» EXERCISE DIRECTIONS
Reproduce the listing in full, exactly as written, but without images.

» SUPPLIED MATERIAL
----

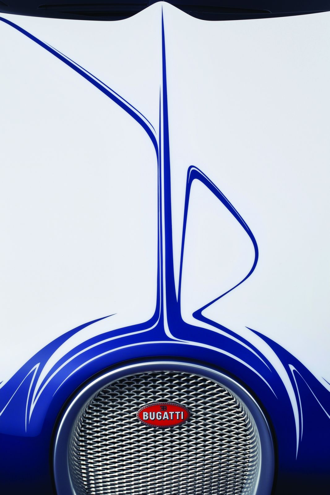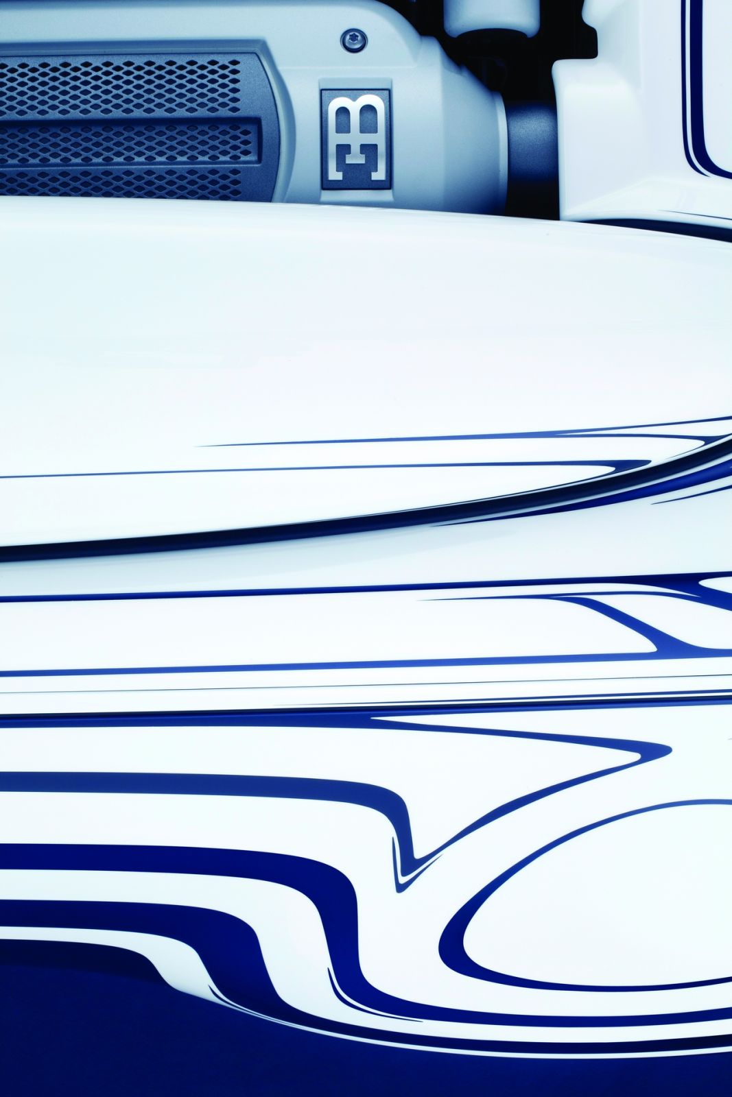 in the next step, bugatti’s paint specialists dedicate themselves to the further completion of the masterpiece. over the course of three weeks, each millimeter of the marked lines are being filled by hand with the characteristic blue color. in addition, the whole body receives five layers of clear lacquer. a varying and powerful gradient of the two colors is generated because the team had used a combination of tapes with different widths. while the blue lines dominate over the white spaces in the lower section of the convertible, the relation of colors inverts on the way to the roof so that the intense white appears even stronger. twelve elements, made of finest porcelain at the berlin based manufactory, complete the aesthetic approach of this special grand sport.
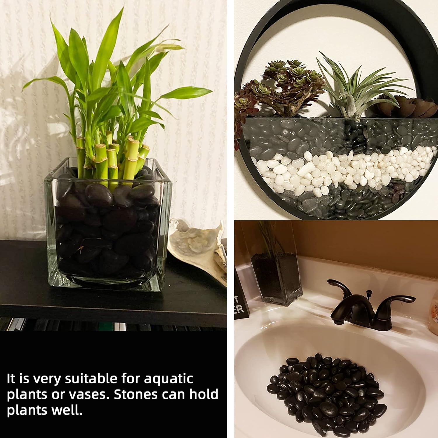 - đăWIDE USESăYou can use these black polished stones to design or decorate your plants, aquariums, vases, glass containers, fountains, walkways, water features, miniature landscapes, and fairy-tale garden stones.It is perfect for home decor and a creative interior and exterior design.
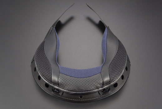 システム内装は、固定式内装の「深く、柔らかく」全体を包み込む内装を目指し、頭頂部パッドの形状を見直しました。髪型が大きく崩れない形状と位置調整と着脱を可能にし、サイド部厚み調整可能なアジャスタブル機能も兼ね備えた新開発システム内装です。
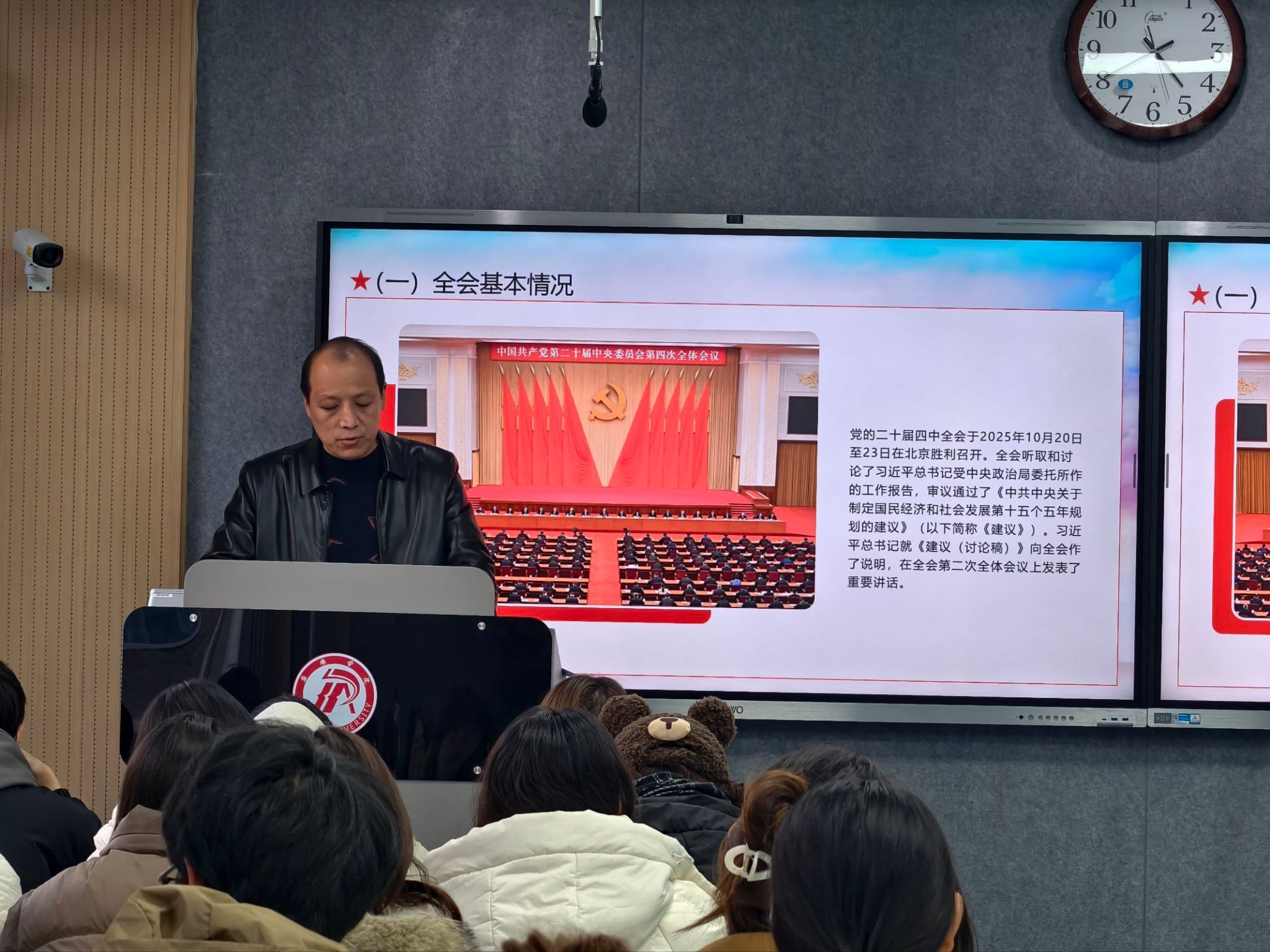 为深入学习贯彻党的二十届四中全会精神,进一步提升学生党员的理论素养与政治自觉,pp电子游戏平台网站学生党支部于12月17日举办专题党课,本次党课以“深学笃行全会精神,实干担当时代重任”为主题,由学院党总支书记任森龙主讲。

----

» ANSWER TO THIS EXERCISE
 in the next step, bugatti’s paint specialists dedicate themselves to the further completion of the masterpiece. over the course of three weeks, each millimeter of the marked lines are being filled by hand with the characteristic blue color. in addition, the whole body receives five layers of clear lacquer. a varying and powerful gradient of the two colors is generated because the team had used a combination of tapes with different widths. while the blue lines dominate over the white spaces in the lower section of the convertible, the relation of colors inverts on the way to the roof so that the intense white appears even stronger. twelve elements, made of finest porcelain at the berlin based manufactory, complete the aesthetic approach of this special grand sport.
 - đăWIDE USESăYou can use these black polished stones to design or decorate your plants, aquariums, vases, glass containers, fountains, walkways, water features, miniature landscapes, and fairy-tale garden stones.It is perfect for home decor and a creative interior and exterior design.
 システム内装は、固定式内装の「深く、柔らかく」全体を包み込む内装を目指し、頭頂部パッドの形状を見直しました。髪型が大きく崩れない形状と位置調整と着脱を可能にし、サイド部厚み調整可能なアジャスタブル機能も兼ね備えた新開発システム内装です。
 为深入学习贯彻党的二十届四中全会精神,进一步提升学生党员的理论素养与政治自觉,pp电子游戏平台网站学生党支部于12月17日举办专题党课,本次党课以“深学笃行全会精神,实干担当时代重任”为主题,由学院党总支书记任森龙主讲。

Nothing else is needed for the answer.